The Burrows-Wheeler transform is a very popular string/sequence manipulation algorithm at the basis of many bioinformatics tools as well as compression algorithms. The `paleni_bwt` module provides 
1. A function to compute the BW transform from an input sequence `bwTransform(x)`
2. A function to invert the BW transform from an input transformed sequence `bwInverse(y)`

Both functions check input validity and throw either a TypeError or a customized ValueError exception, TerminatorError. 

The compressed archive includes the module itself, a module named test_paleni_bwt.py with unit tests developed with the `unittest` package and this notebook, in which we provide a test of functionalities and a brief explanation of the algorithm.
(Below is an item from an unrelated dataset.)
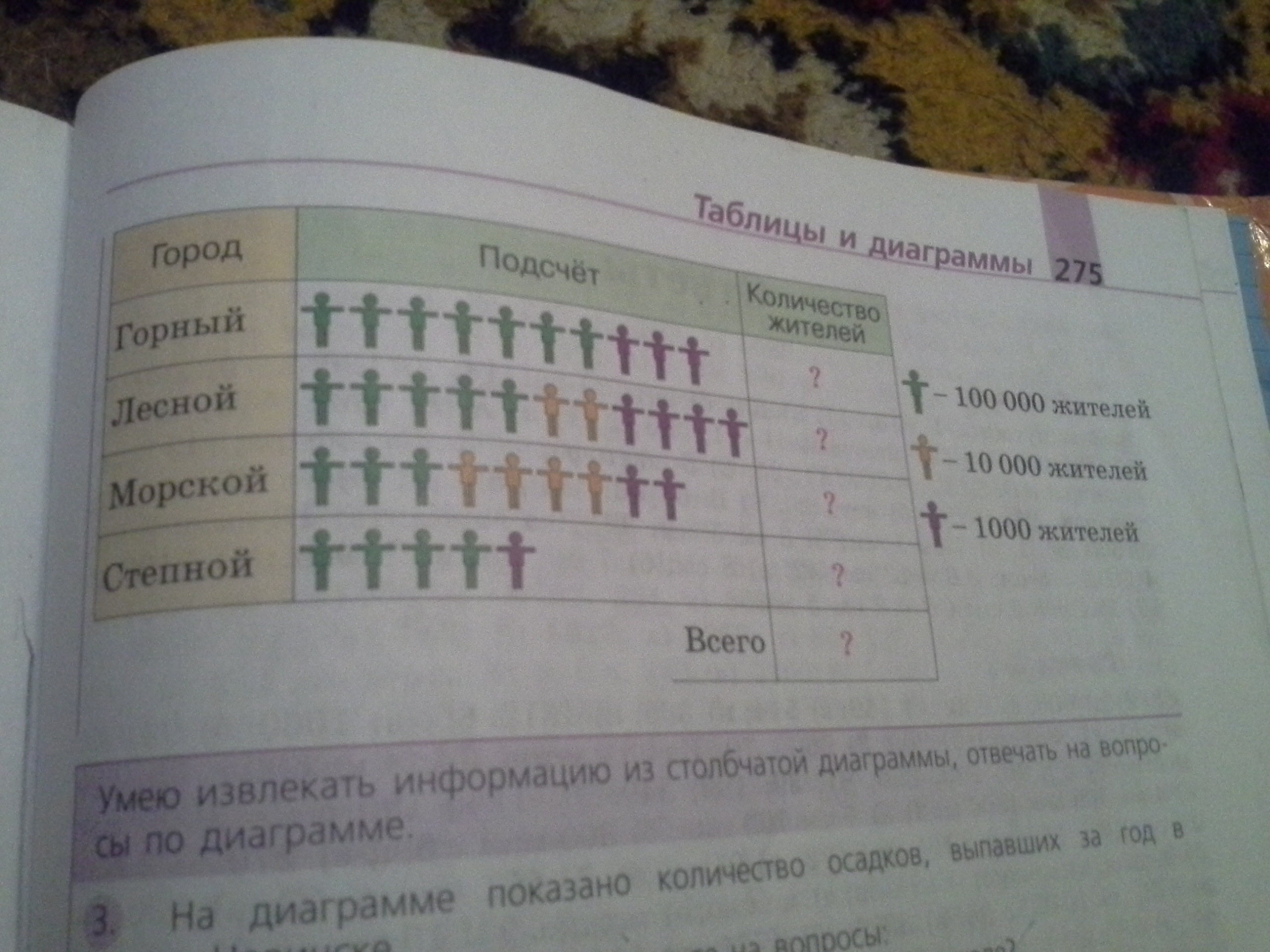 в таблиице указоно количество жителей в четырех городах используя таблицу ответе на вопросы А)В КАКОМ ГОРОДЕ МЕНШЬШЕ ВСЕГО ЖИТЕЛЕЙ?Б)В КАКОМ ГОРОДЕ БОЛЬШЕ ВСЕГО ЖИТЕЛЕЙ?В)СКОЛЬКО ЖИТЕЛЕЙ В ЛЕСНОМ?Г)СКОЛЬКО ВСЕГО ЖИТЕЛЕЙ ВО ВСЕХ ГОРОДАХ

## 1. Importing the module and documentation 

In [1]:
import paleni_bwt as bwt
import numpy as np

In [2]:
?bwt

In [3]:
?bwt.bwTransform

In [4]:
?bwt.bwInverse

## 2. Design and development 
### 2.1 Compression

Implementation of the Burrows-Wheeler compression transformation, 
originally described in <a href="#1">[1]</a>, via construction of the suffix array, 
as explained in section 2.2 of <a href="#2">[2]</a>.
The BWT of a string is obtained by definining a matrix of sorted 
rotations of the string after adding a terminator character; the last column of this matrix is the transform. In the 
figure below, googol becomes __lo\$oogg__.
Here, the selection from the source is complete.